=== Section Start ===
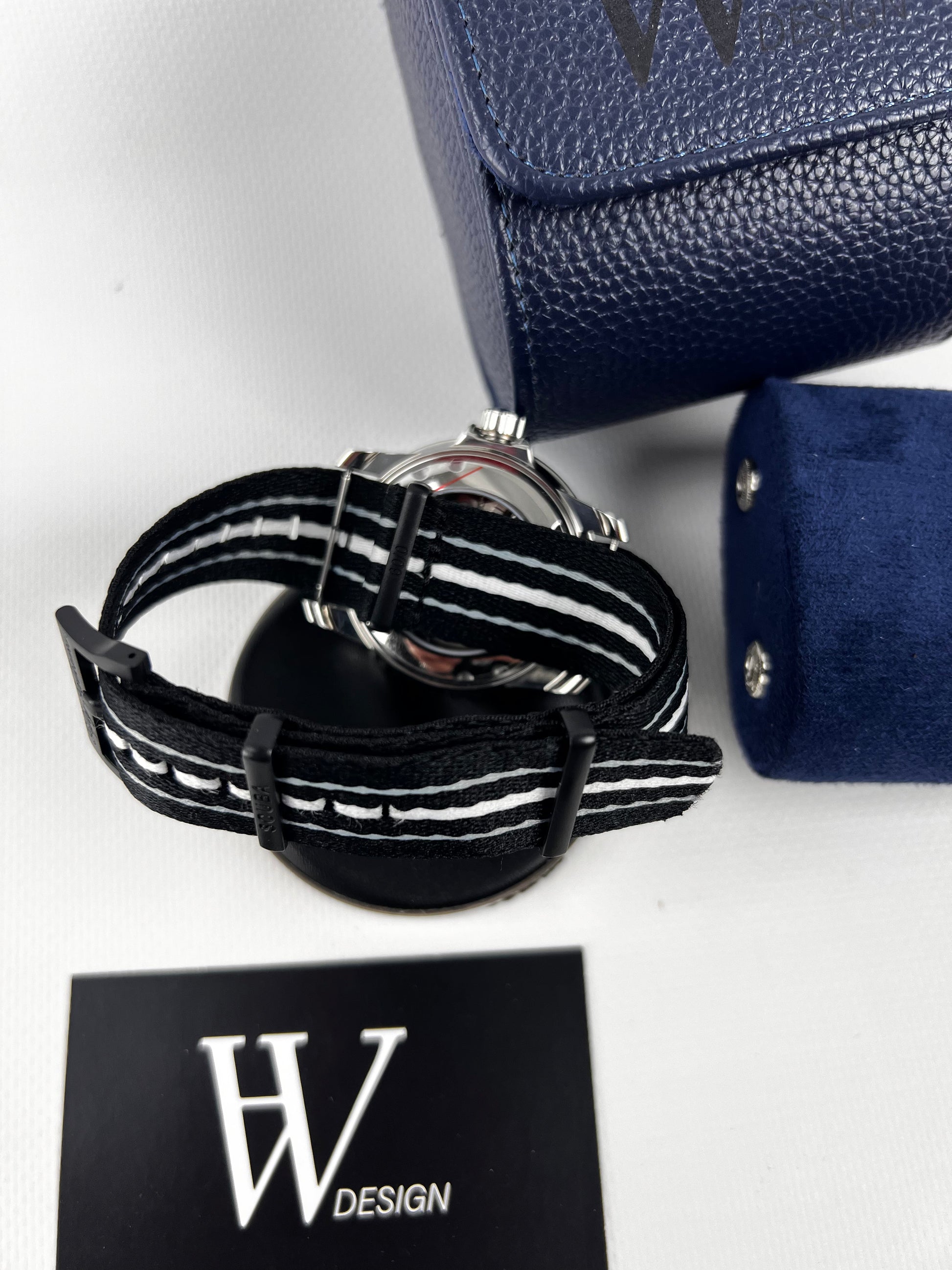 Basado en el Blancpain x Swatch Scuba Black, en HW presentamos su mejor versión, reemplazando la caja original de plástico por una caja y correa en acero inoxidable 904l y cristal de Zafiro.
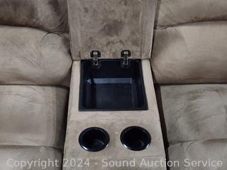 317 Lot including Brown Microfiber Vinyl Reclining Sofa's, King & Queen Beds, Woodchipper, Lawn Mower, Massage/Heat Power Recliner, Live Edge Shelf/Console, Hutch, Dining Table, Drexel Serpentine Dresser, Assorted Tools (Power Tools, Hand Tools, Bits, Hardware, etc), Tool Chest, TV's, Ornate Carved Camphor Wood Chest, Electronics, Pop-Up Canopy, Assorted Kitchen Cookware, Household Goods, Home Decor, Artwork, Rugs & More!!!
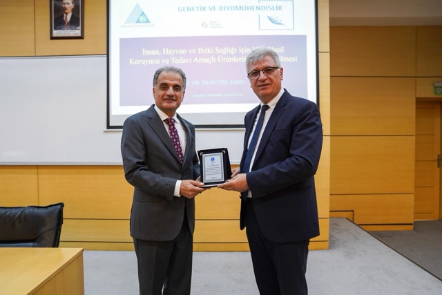 Prof. Dr. Fikrettin Şahin, “İnsan, Hayvan ve Bitki Sağlığı İçin Koruyucu ve Tedavi Amaçlı Ürünlerin Geliştirilmesi” başlıklı sunumunda mikroorganizmaların insan sağlığındaki yeri, virüslerin bulaş mekanizmaları, hijyenin önemi ve sağlık alanında yürütülen bilimsel çalışmalar hakkında kapsamlı bilgiler verdi.
=== Section End ===
Apart from the images, every line above is to be given again exactly.

 Basado en el Blancpain x Swatch Scuba Black, en HW presentamos su mejor versión, reemplazando la caja original de plástico por una caja y correa en acero inoxidable 904l y cristal de Zafiro.
 317 Lot including Brown Microfiber Vinyl Reclining Sofa's, King & Queen Beds, Woodchipper, Lawn Mower, Massage/Heat Power Recliner, Live Edge Shelf/Console, Hutch, Dining Table, Drexel Serpentine Dresser, Assorted Tools (Power Tools, Hand Tools, Bits, Hardware, etc), Tool Chest, TV's, Ornate Carved Camphor Wood Chest, Electronics, Pop-Up Canopy, Assorted Kitchen Cookware, Household Goods, Home Decor, Artwork, Rugs & More!!!
 Prof. Dr. Fikrettin Şahin, “İnsan, Hayvan ve Bitki Sağlığı İçin Koruyucu ve Tedavi Amaçlı Ürünlerin Geliştirilmesi” başlıklı sunumunda mikroorganizmaların insan sağlığındaki yeri, virüslerin bulaş mekanizmaları, hijyenin önemi ve sağlık alanında yürütülen bilimsel çalışmalar hakkında kapsamlı bilgiler verdi.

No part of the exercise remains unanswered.